Так, натыкаясь то на человекоядных гиппопотамов, то на нетопырей, что по размеру были крупнее, чем голуби, они вошли в поселок меж крутых гор, у подножия которых раз-легалась долина с немногочисленной растительностью, будто окутанная легким туманом. Туман загустевал по мере их хода и постепенно стал непроницаемой тучей, а горизонт и вовсе превратился в черную полоску, что было особенно заметно по сравнению с кровавым закатом.

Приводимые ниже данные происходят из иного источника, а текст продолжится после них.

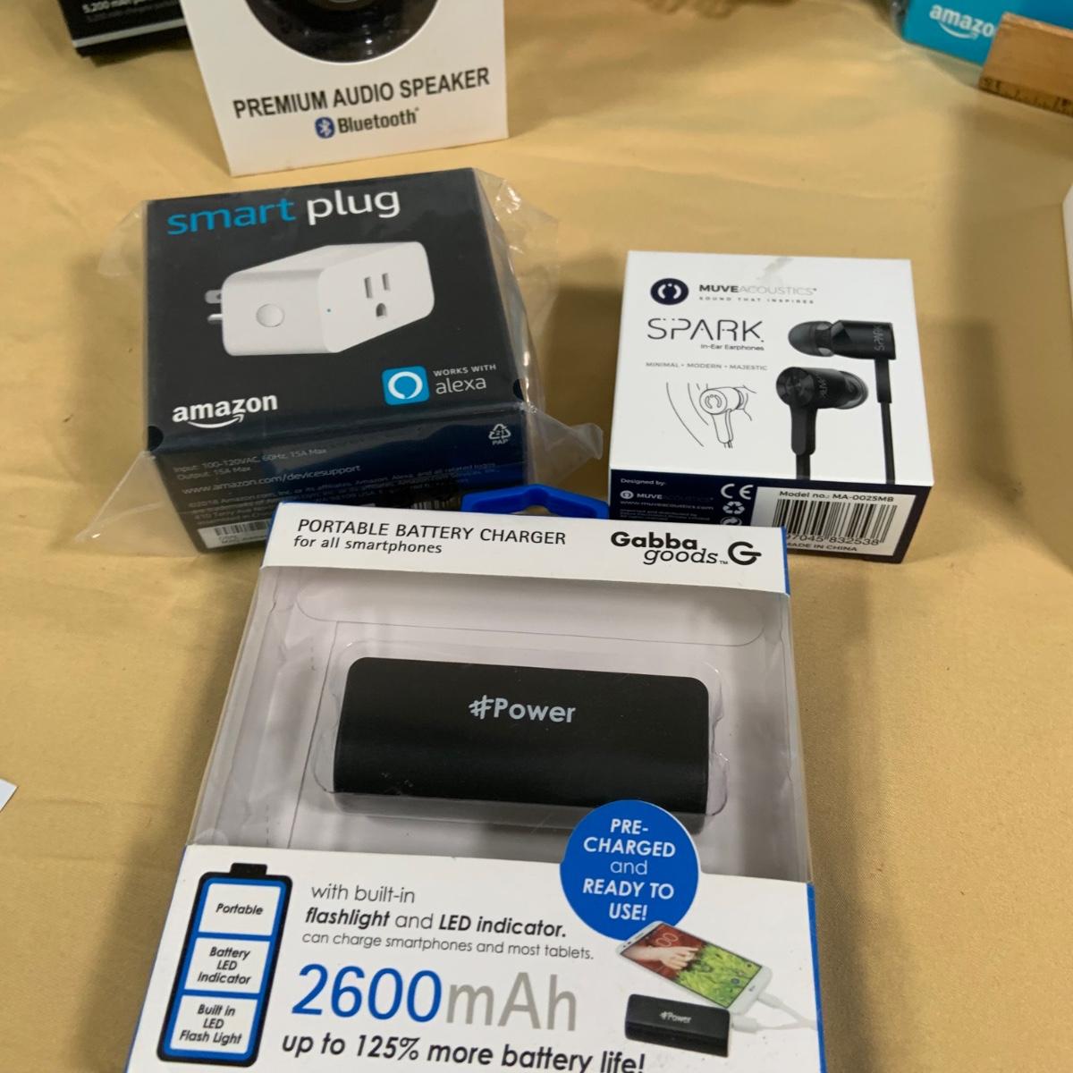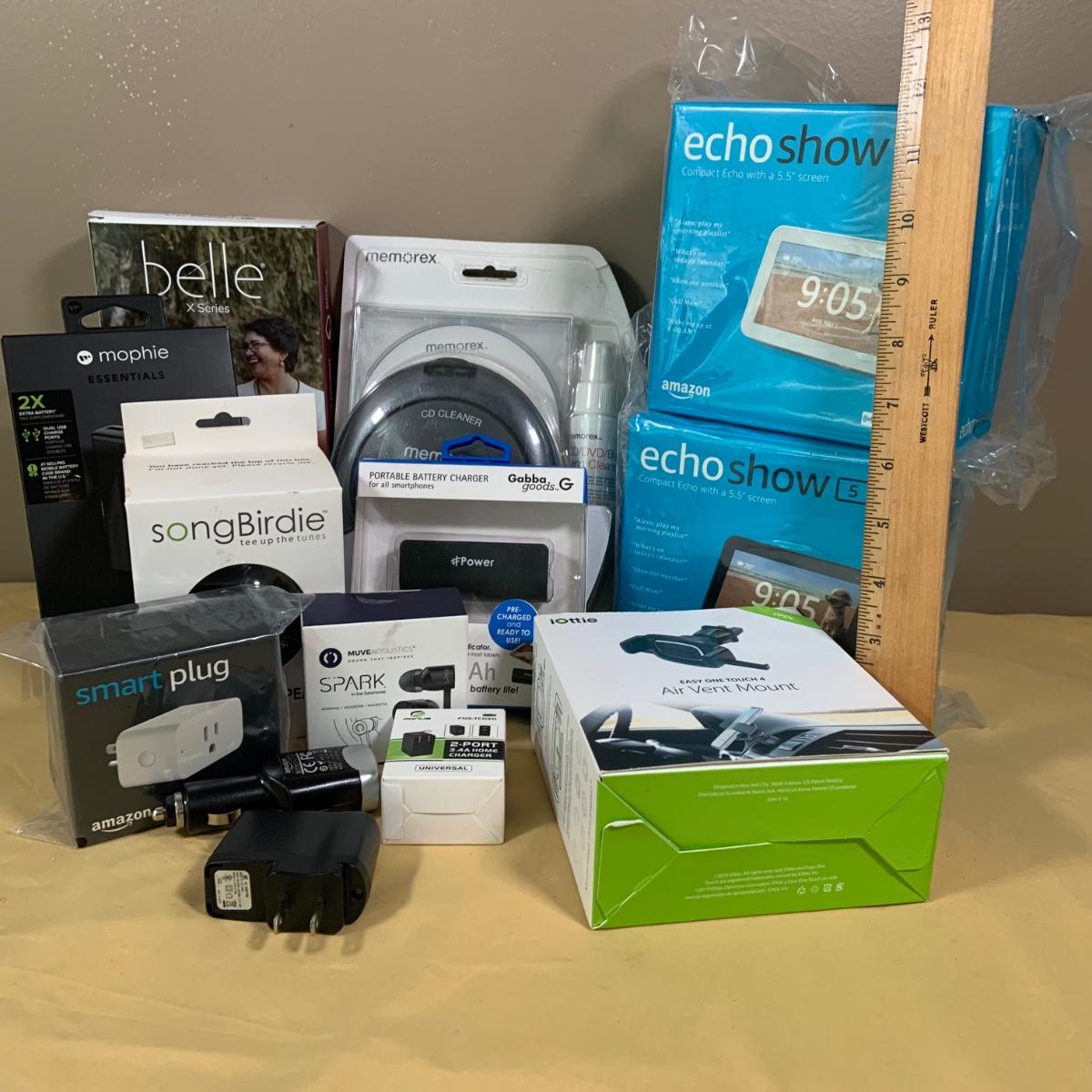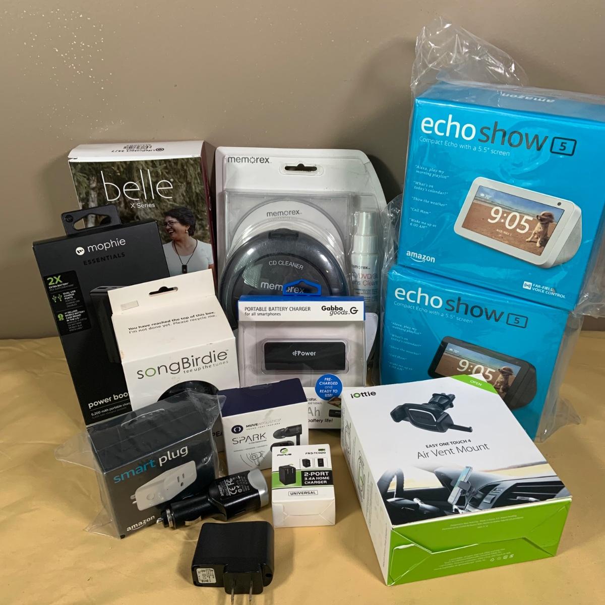 LOT:67: An Assortment of New or Unused Gagets Featuring 2 Amazon Echo Show (5) Belle Medical Alert, Speakers, Charges and Much More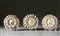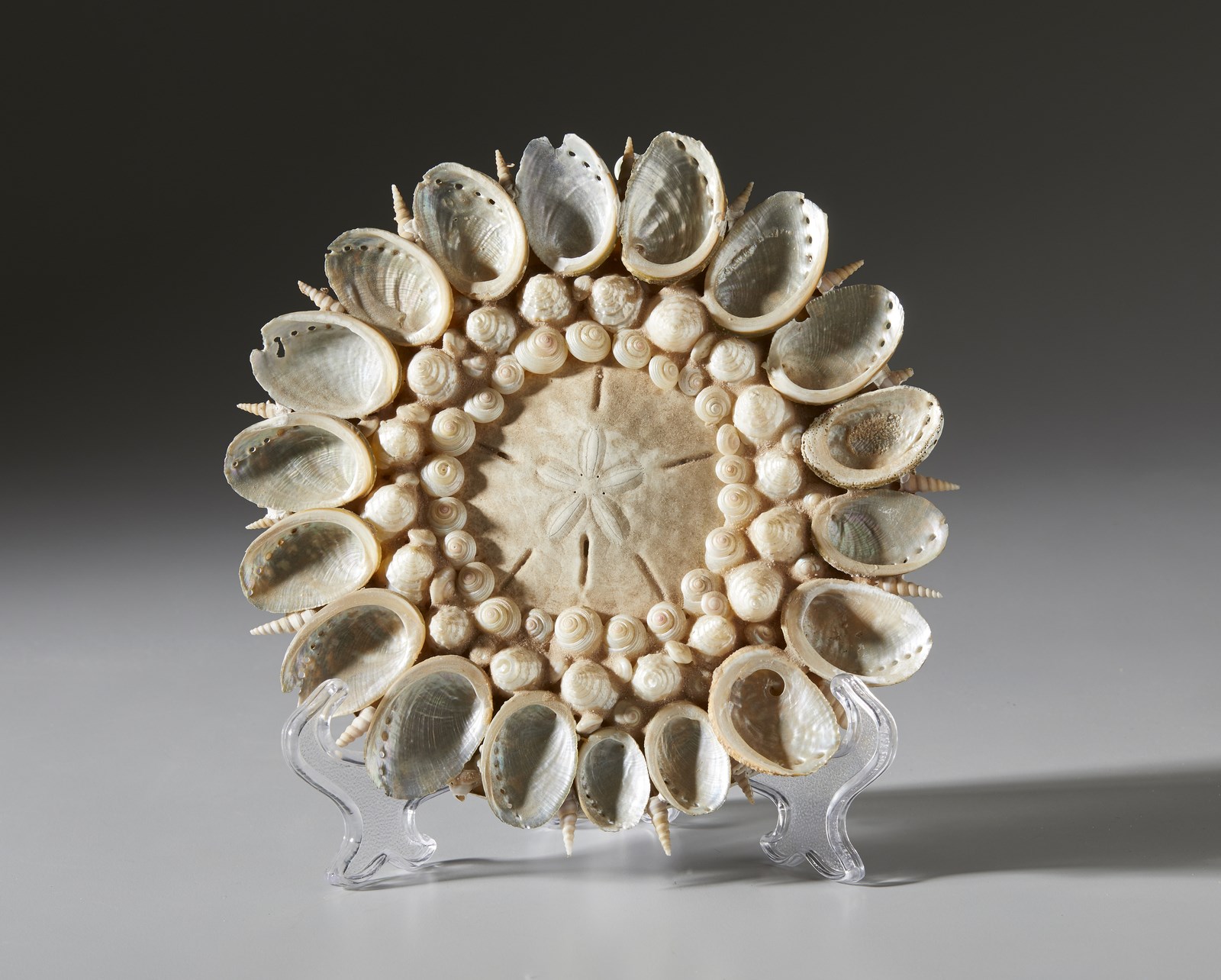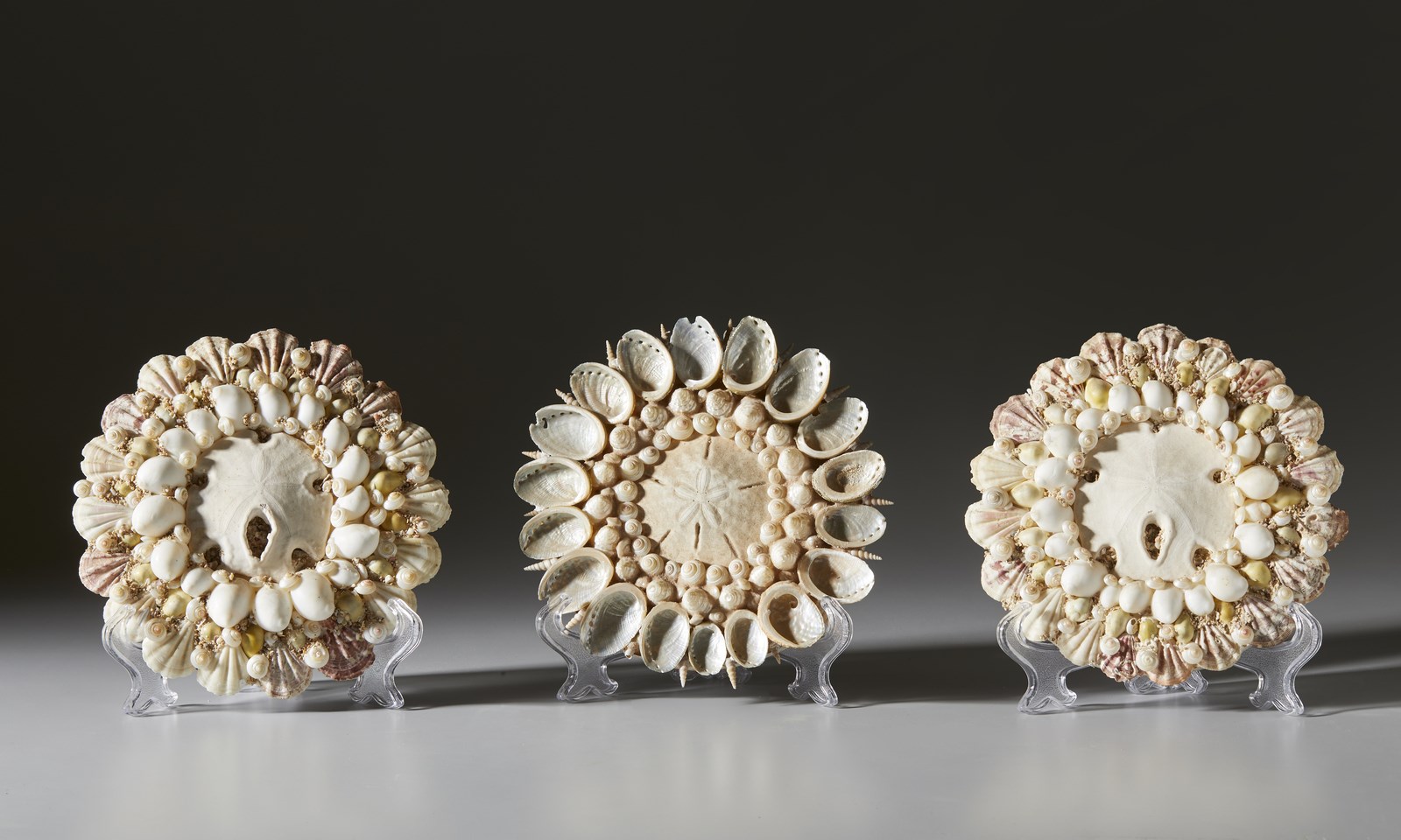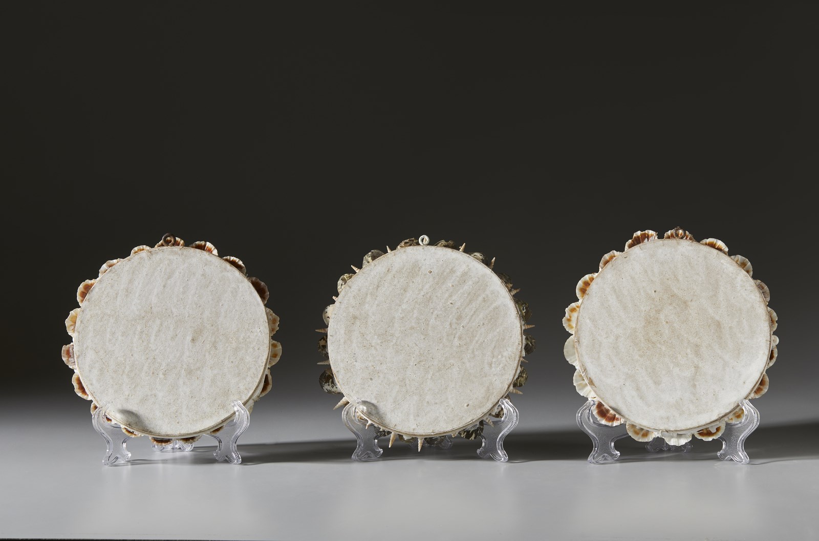 . Tre rosoni in conchiglie . . Cm 24,50 x 24,50. Tre manufatti realizzati con gusci di conchiglia e di riccio marino a formare complessi girali decorativi.

Тамошний люд отнесся к странникам сердобольно, но на знакомство с их гортанным языком у Баудолино ушел не один день. Все это время их принимали как гостей и пользовали дичиной – местной горной зайчатиной, во множестве добывавшейся на склонах. Сумев понять здешних жителей, они узнали, что у подножия горы начинается обширная провинция Абхазия, и знаменита она следующим: представляет собой безбрежный лес, в котором царит самая беспроглядная мгла, и не такая, как ночью, когда по меньшей мере звезды с неба моргают. Нет, здесь царствует именно полный мрак, какой объемлет человека в глуби пещеры и с закрытыми глазами. Эта бессветная провинция населена абхазцами, которые прекрасно себя чувствуют, как, тоже к примеру, слепцы в тех местах, которые им знакомы с детства. Похоже, эти абхазцы вовсю используют слух и обоняние, но каковы они, никому доподлинно не известно, поелику кто же станет туда подаваться к ним?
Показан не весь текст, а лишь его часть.